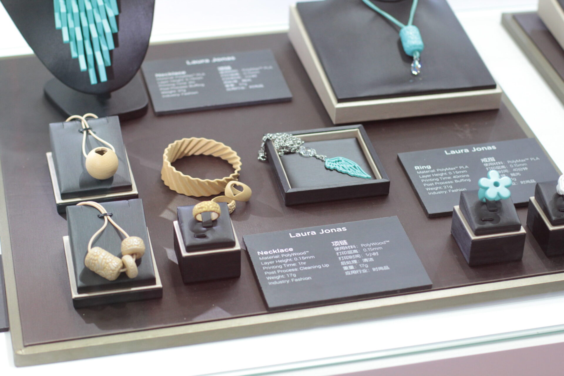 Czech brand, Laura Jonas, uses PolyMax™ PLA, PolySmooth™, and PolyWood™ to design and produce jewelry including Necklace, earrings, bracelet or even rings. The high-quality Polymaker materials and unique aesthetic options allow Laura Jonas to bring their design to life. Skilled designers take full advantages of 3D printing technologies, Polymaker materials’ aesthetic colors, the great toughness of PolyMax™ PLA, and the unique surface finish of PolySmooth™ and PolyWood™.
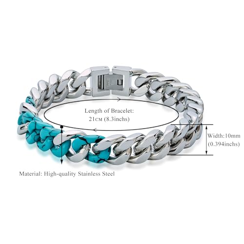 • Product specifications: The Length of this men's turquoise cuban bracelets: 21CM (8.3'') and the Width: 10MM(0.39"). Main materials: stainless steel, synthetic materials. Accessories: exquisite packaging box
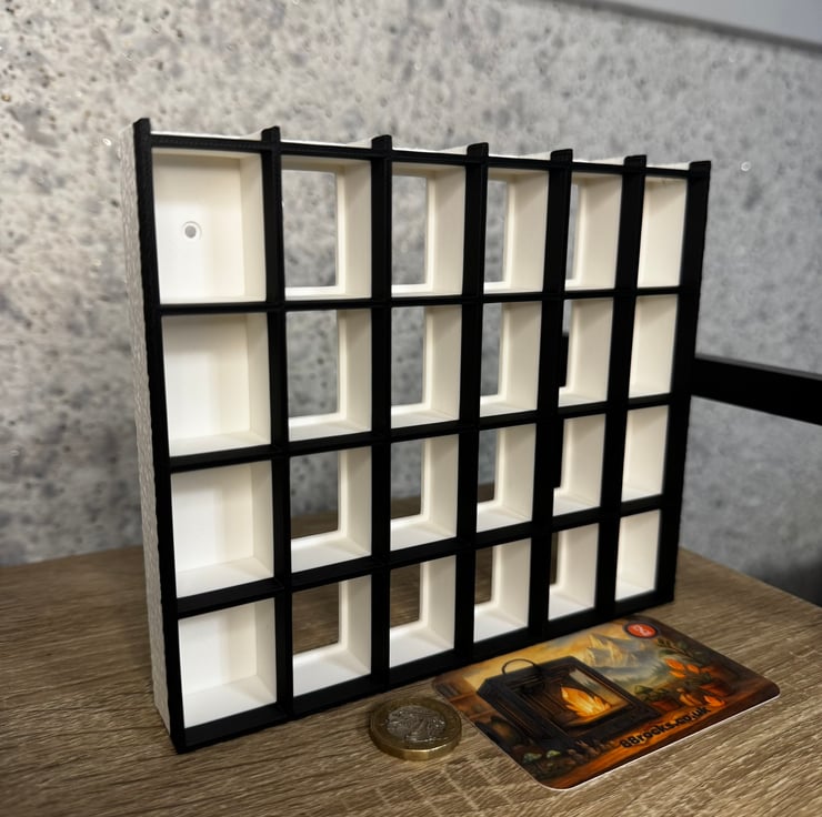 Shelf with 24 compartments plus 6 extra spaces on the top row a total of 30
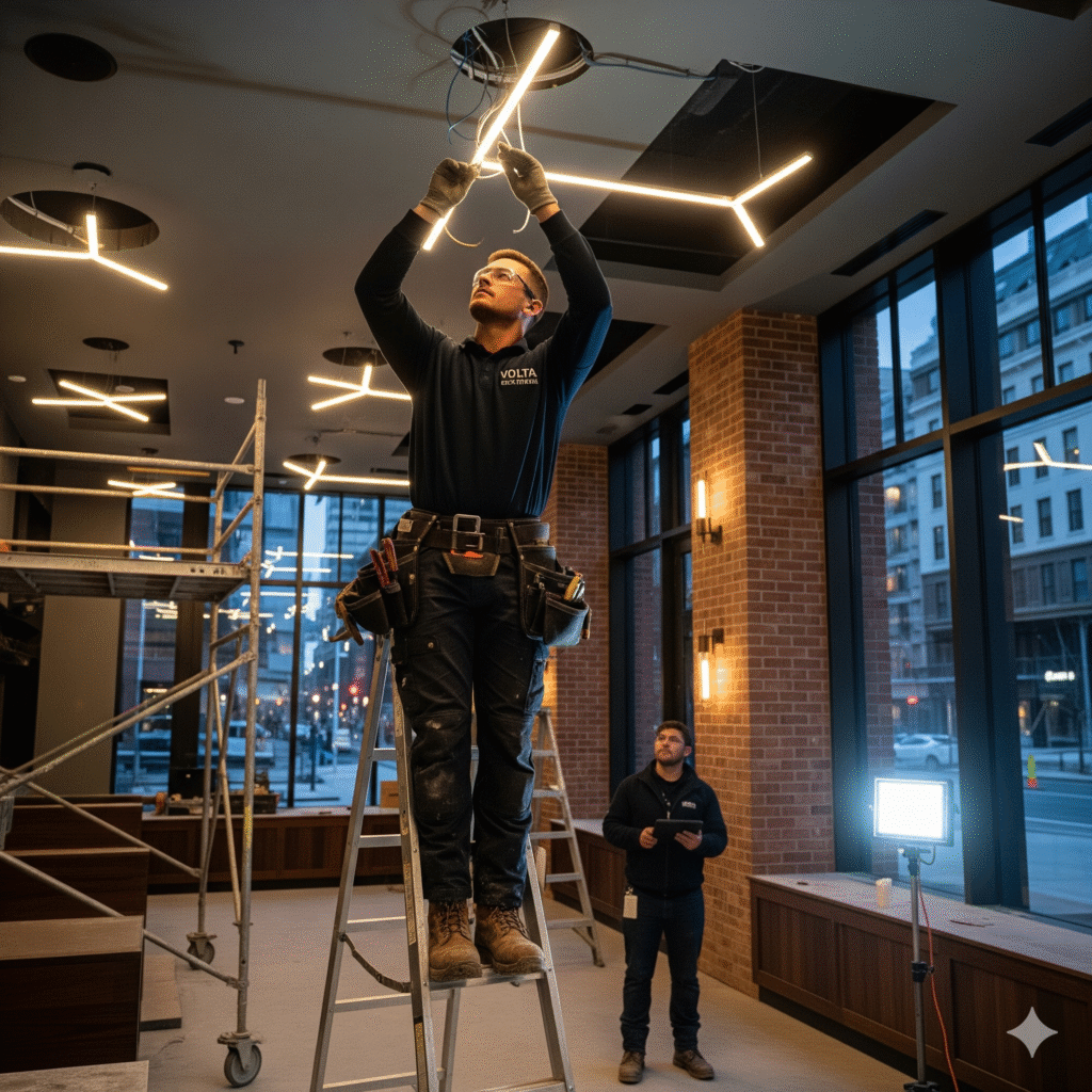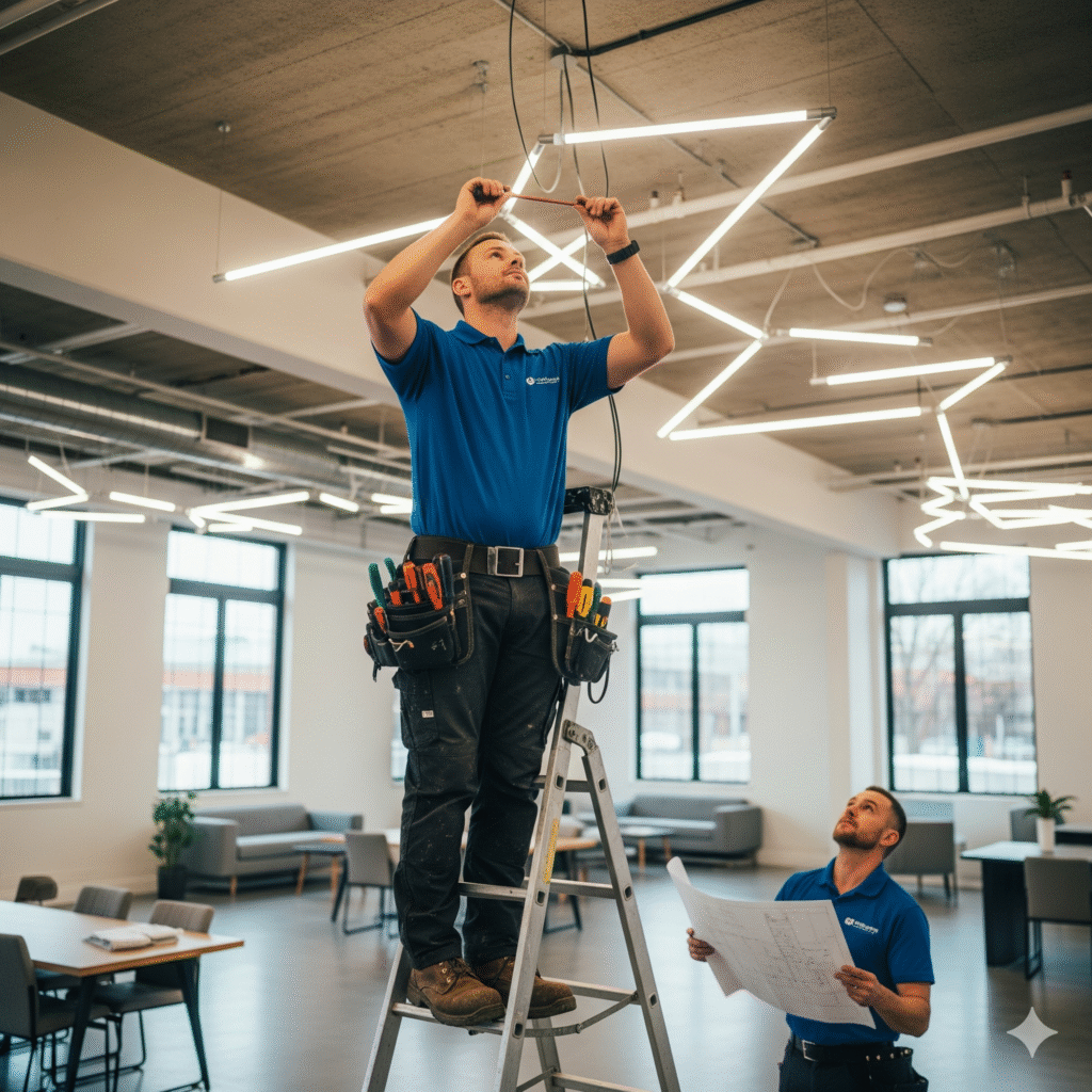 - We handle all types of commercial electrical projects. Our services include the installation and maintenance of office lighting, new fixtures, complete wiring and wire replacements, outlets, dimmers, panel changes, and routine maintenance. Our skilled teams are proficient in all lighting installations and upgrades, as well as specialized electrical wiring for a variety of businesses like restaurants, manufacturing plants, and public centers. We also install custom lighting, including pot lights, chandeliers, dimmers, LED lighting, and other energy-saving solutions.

### TASK ITEM
Give an exact copy of the material, leaving out every picture.

### SOLUTION BELOW
 Czech brand, Laura Jonas, uses PolyMax™ PLA, PolySmooth™, and PolyWood™ to design and produce jewelry including Necklace, earrings, bracelet or even rings. The high-quality Polymaker materials and unique aesthetic options allow Laura Jonas to bring their design to life. Skilled designers take full advantages of 3D printing technologies, Polymaker materials’ aesthetic colors, the great toughness of PolyMax™ PLA, and the unique surface finish of PolySmooth™ and PolyWood™.
 • Product specifications: The Length of this men's turquoise cuban bracelets: 21CM (8.3'') and the Width: 10MM(0.39"). Main materials: stainless steel, synthetic materials. Accessories: exquisite packaging box
 Shelf with 24 compartments plus 6 extra spaces on the top row a total of 30
 - We handle all types of commercial electrical projects. Our services include the installation and maintenance of office lighting, new fixtures, complete wiring and wire replacements, outlets, dimmers, panel changes, and routine maintenance. Our skilled teams are proficient in all lighting installations and upgrades, as well as specialized electrical wiring for a variety of businesses like restaurants, manufacturing plants, and public centers. We also install custom lighting, including pot lights, chandeliers, dimmers, LED lighting, and other energy-saving solutions.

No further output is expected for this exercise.